Amendments within the Companies Act, 2013 and MCA relaxations Because of COVID-19

Amendments within the Companies Act

1) General Circular 10/2020 and 15/2020 – Regarding explanation on spending for CSR Funds for COVID-19

The Ministry of Corporate Affairs via General circular number 10/2020, clarified that the quantity spends on account of CSR funds for COVID-19 is eligible CSR activity.

The funds could also be spent for various activities which are mentioned under item number (i) which incorporates activities concerning and eradicating hunger, poverty, malnutrition, promoting healthcare including preventive healthcare, sanitation, making available safe beverage and (xii) which relates to disaster management including relief, rehabilitation & reconstruction activities of Schedule VII of the Act.

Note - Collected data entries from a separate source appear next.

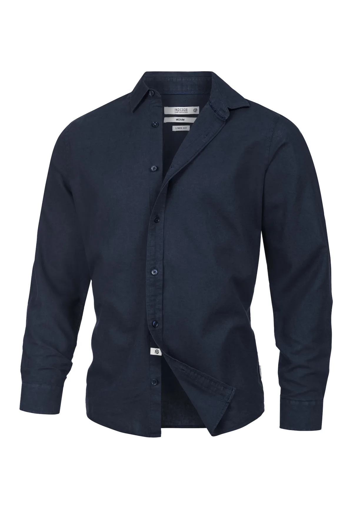 Design: Gevoerde zoom/rand, Knop placket; Type sluiting: Knoopsluiting; Materiaal: Linnen; Motief: Effen; Kraag: Kentkraag; Extra's: Op staal naden; Pasvorm: Normale pasvorm; Pasvorm: Regular fit; Armlengte: Lange mouw
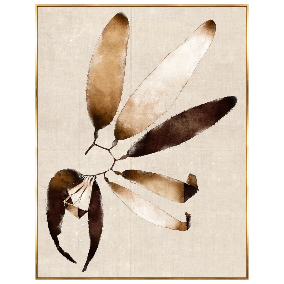 This seaweed pressing features warm tones of brown, red, white, and ivory on a soft linen ground. The delicate lines and translucent textures lend this image a sense of exquisite elegance, while its shapes and composition add interest.
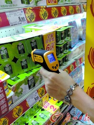 5日中午12時,在芳村的好又多超市,立式冷柜都帶有透明的塑料簾以防溫度上升,但在其他的臥式冰柜,卻有5個柜門大開,里面擺放的酸牛奶絲毫無涼意。記者用紅外測溫儀檢測,發(fā)現(xiàn)最上方的一組酸奶,包裝溫度已經(jīng)達(dá)到了24.2℃。促銷員告訴記者,該品牌的酸奶是暫時放在臥式冰凍柜里用于周轉(zhuǎn)的,“上面一層不怎么冰,下面都是冰的。”不過記者檢測發(fā)現(xiàn),即使最下層的牛奶溫度也是8.7℃。
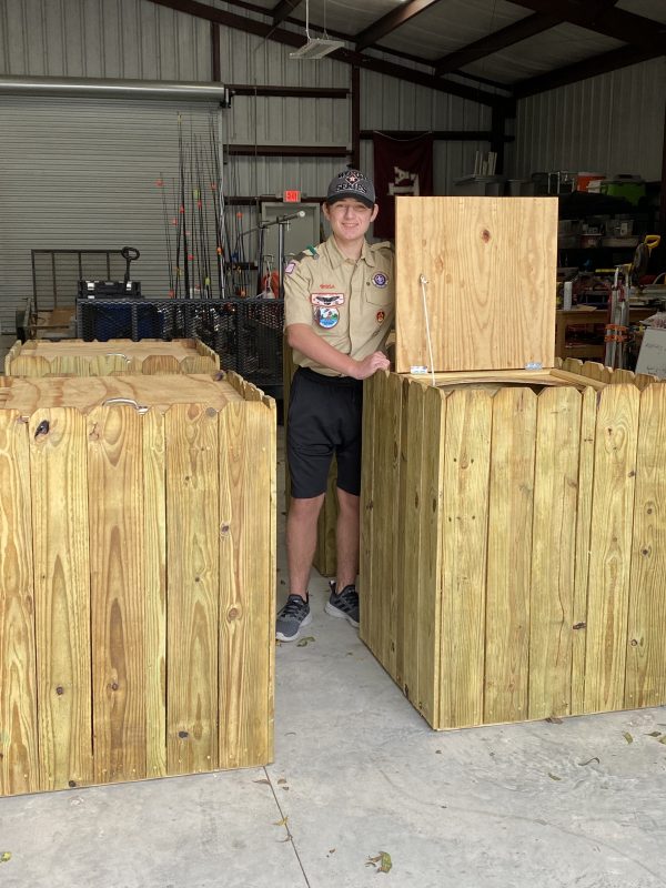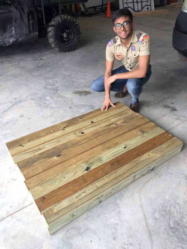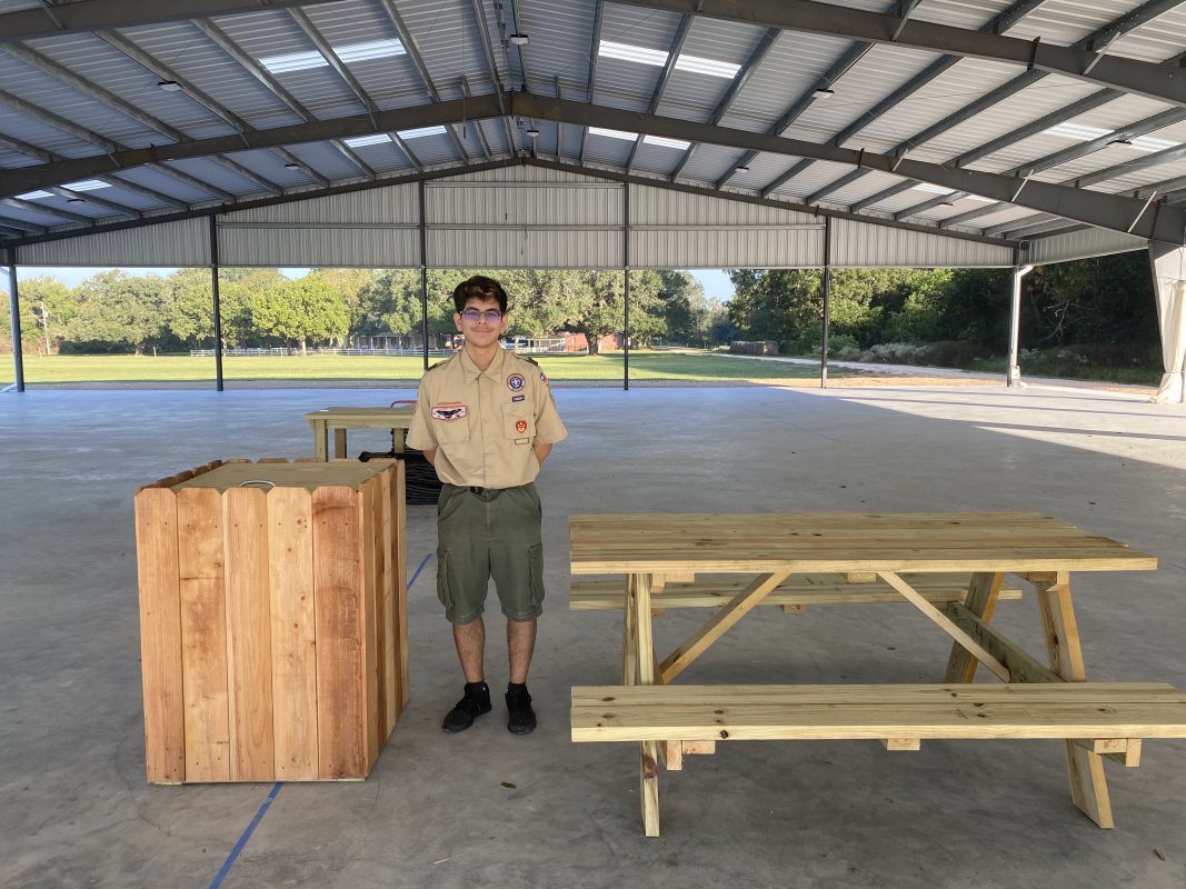 1 picnic table, 1 trashcan surround (Lorenso Longoria October 2020)
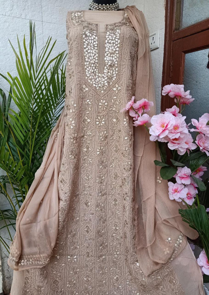 "Kahkashan" Brown colour Chikankari Gota Salwar Suit,This Chikankari Salwar Suit Comes With Pure Hand Karigari And Mukaish And Gota Patti Work As Shown In The Picture.Georgette Chikankari Top With Chikankari Gota/Mukaish Work And Chiffon Duptta With Gota Work And Matching Plain Santoon Bottom.It comes with 3mtr top, 2.5 mtr bottom, 2.5 dupatta
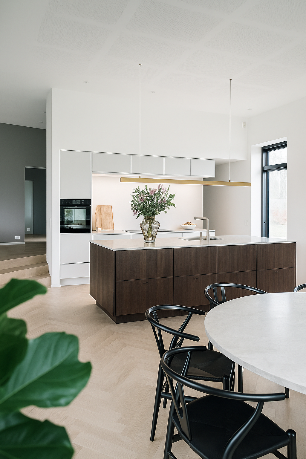 Køkkenet er husets naturlige samlingspunkt. Med sine rene linjer, massive træmaterialer og skræddersyede opbevaringsløsninger er det et mesterstykke i funktion og æstetik. De speciallavede skabe og skuffer er ikke kun smukke, men også utroligt holdbare – en egenskab, som familien har erfaret på egen hånd. Som en del af designet har familien valgt en kombination af mørke træskuffer og elementer i en lys blå farve, der går igen i både køkken og badeværelser. Den dybe varme fra det mørke træ skaber en elegant kontrast til den blå nuance, som tilføjer et friskt og moderne islæt. Kombinationen balancerer mellem det klassiske og det moderne, hvilket gør rummene både indbydende og tidssvarende.
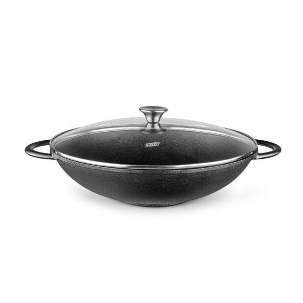 Panela Wok Ferro Fundido com Tampa de Vidro - Mta
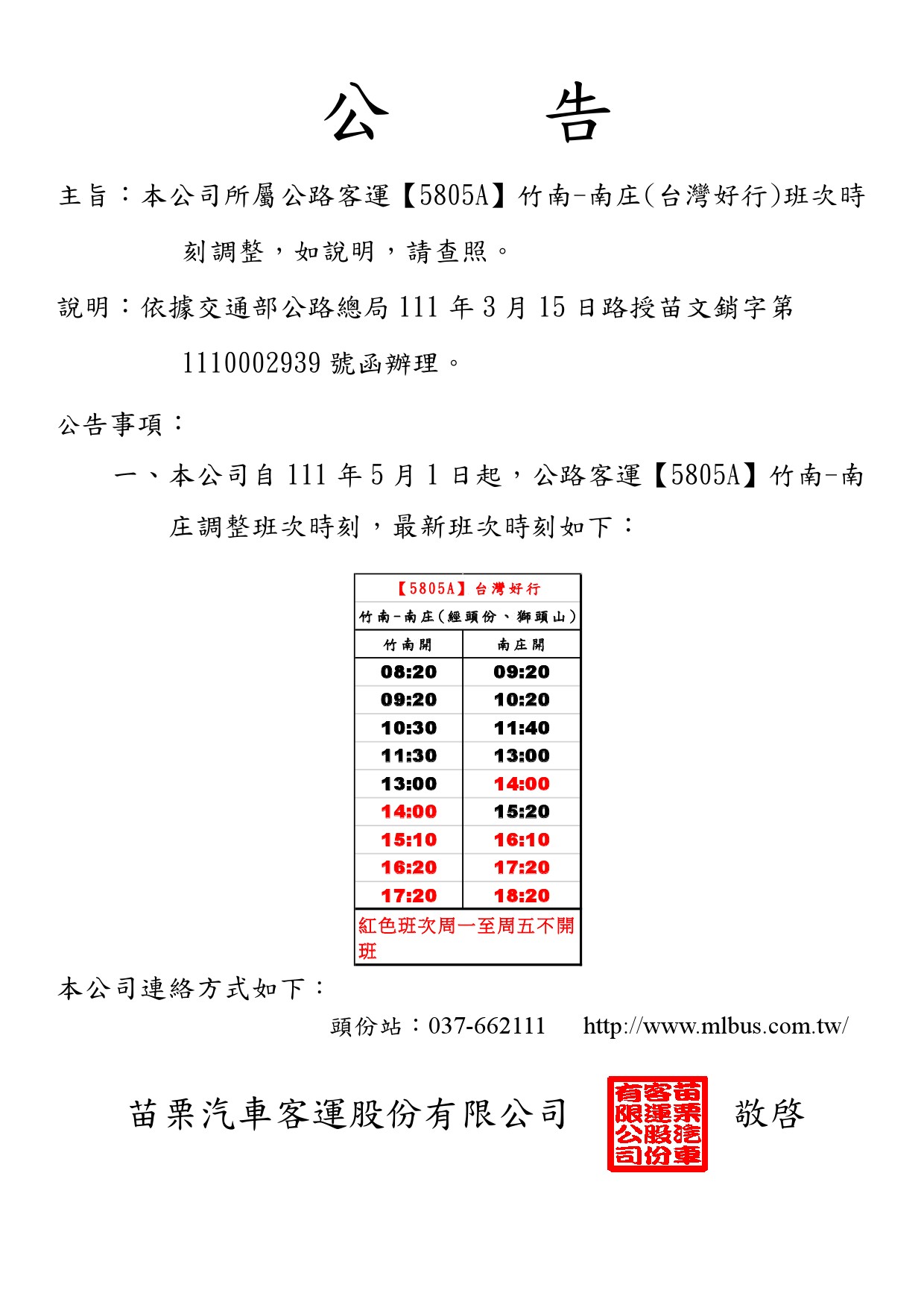 【5805A】台灣好行路線111年5月1日起班次時刻調整

It is further clarified via FAQs which expenditure are going to be considered as eligible expenditure for CSR activities associated with COVID-19., ( this is often only an illustrative list for better understanding) :

2) General Circular 11/2020 – Regarding Special measures under Companies Act, 2013 and LLP Act, 2008.

The following measures are implemented by The Ministry of Corporate Affairs to scale back the compliance burden :

1) No additional fees to be purchased delay in filing any document, return, statement, etc during moratorium period from 1st April 2020 to 30th September 2020, within the MCA-21 Registry regardless of the due dates.

Also, Companies clean slate Scheme, 2020 has been introduced via circular 12/2020 and a few modifications are made within the LLP Settlement Scheme, 2020 via circular 13/2020, which can not only reduce the compliance burden but also enable longstanding noncompliant Companies/LLPs to form a clean slate.

2) Section 173 of the businesses Act, 2013 requires that each company shall hold minimum 4 meetings of the board of directors and therefore the gap between 2 meetings shall not exceed 120 days, here looking into the present situation thanks to COVID-19, an extended period of additional 60 days is provided till 30th September 2020, which suggests the gap between two consecutive meetings of the board may reach 180 days till next 2 quarters, rather than 120 days. this is often a one-time relaxation provided by the govt.

3) the businesses (Auditor’s Report ) Order, 2020 shall be applicable from F.Y 2020-21 rather than F.Y 2019-20 to ease the burden on companies and auditors.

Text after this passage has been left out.